Puerto Rican baseball player (born 1983)

Irving Falú (born June 6, 1983) is a Puerto Rican former professional baseball infielder. He played in Major League Baseball (MLB) for the Kansas City Royals, Milwaukee Brewers, and San Diego Padres from 2012 to 2014.

==Playing career==
===Kansas City Royals===
After playing college baseball at Indian Hills Community College in Iowa, the Kansas City Royals selected Falú in the 21st round of the 2003 Major League Baseball draft. He was called up to the major league level for the first time on May 3, 2012. Falú made his debut on May 6 against the New York Yankees at shortstop, and hit a triple in his first major league at-bat, as well as a base hit with his second at bat. He played in 24 games for the Royals during his rookie campaign, hitting .341/.371/.435 with seven RBI.

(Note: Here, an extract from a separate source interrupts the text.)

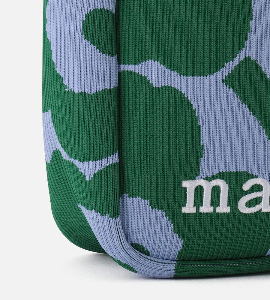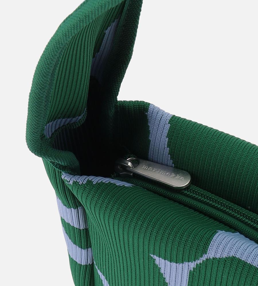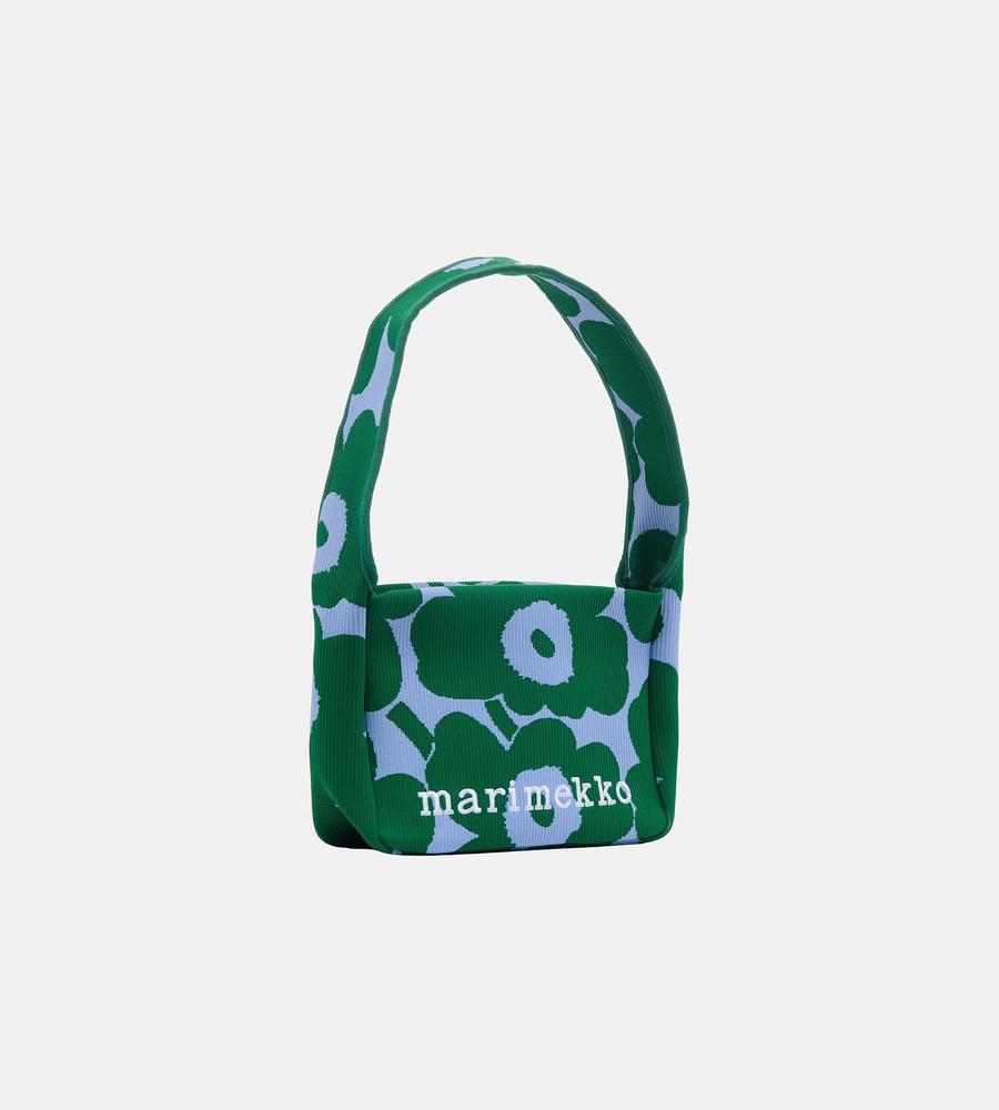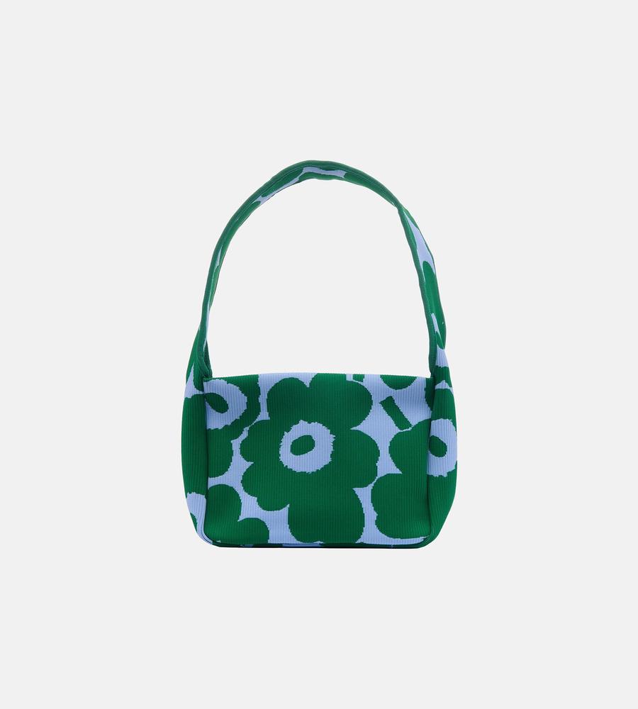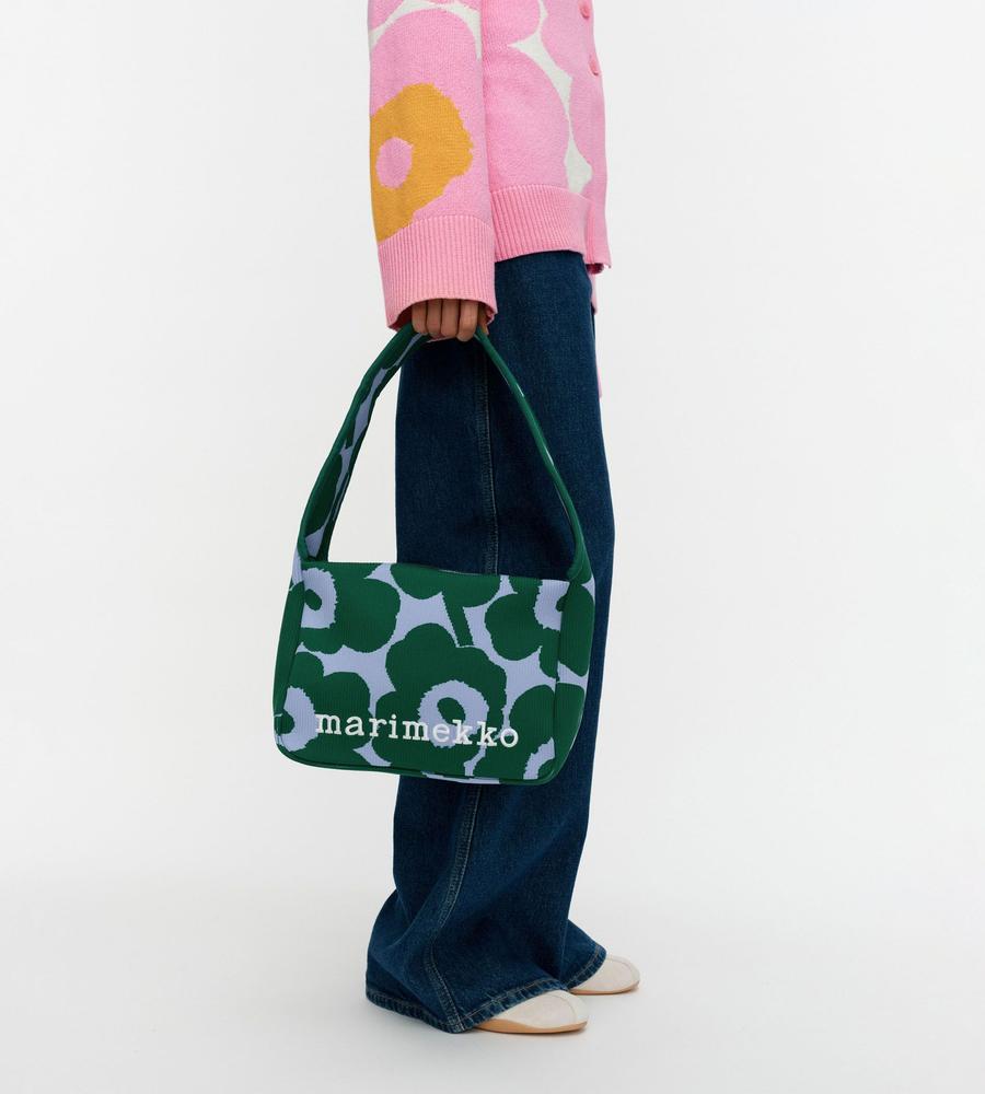 遠目にも存在感たっぷりなUnikko柄で仕上げたショルダーバッグです。ワンハンドルデザインで肩掛けしやすく、柔らかくて丈夫なニット素材で使い心地にもこだわりました。お手頃なサイズ感で毎日のお出掛けはもちろん旅行先でも大活躍、他のサイズの同柄バッグとセットでそろえるのもおすすめです。

Falú made only one appearance for Kansas City the following season, going 1-for-4 (.250) in a game against the Chicago White Sox on September 29, 2013. The majority of his time was spent with the Triple-A Omaha Storm Chasers, for whom he batted .256/.320/.329 with two home runs, 31 RBI, and 20 stolen bases. Falú was released by the Royals on November 25.

===Milwaukee Brewers===
Falú signed a minor league contract with the Milwaukee Brewers on December 4, 2013. He was assigned to the Triple-A Nashville Sounds to begin the regular season. On May 25, 2014, the Brewers selected Falú's contract, adding him to their active roster.

===San Diego Padres===
Falú was claimed off waivers by the San Diego Padres on June 26, 2014. He made 11 appearances for San Diego, going 3-for-20 (.150) with one stolen base.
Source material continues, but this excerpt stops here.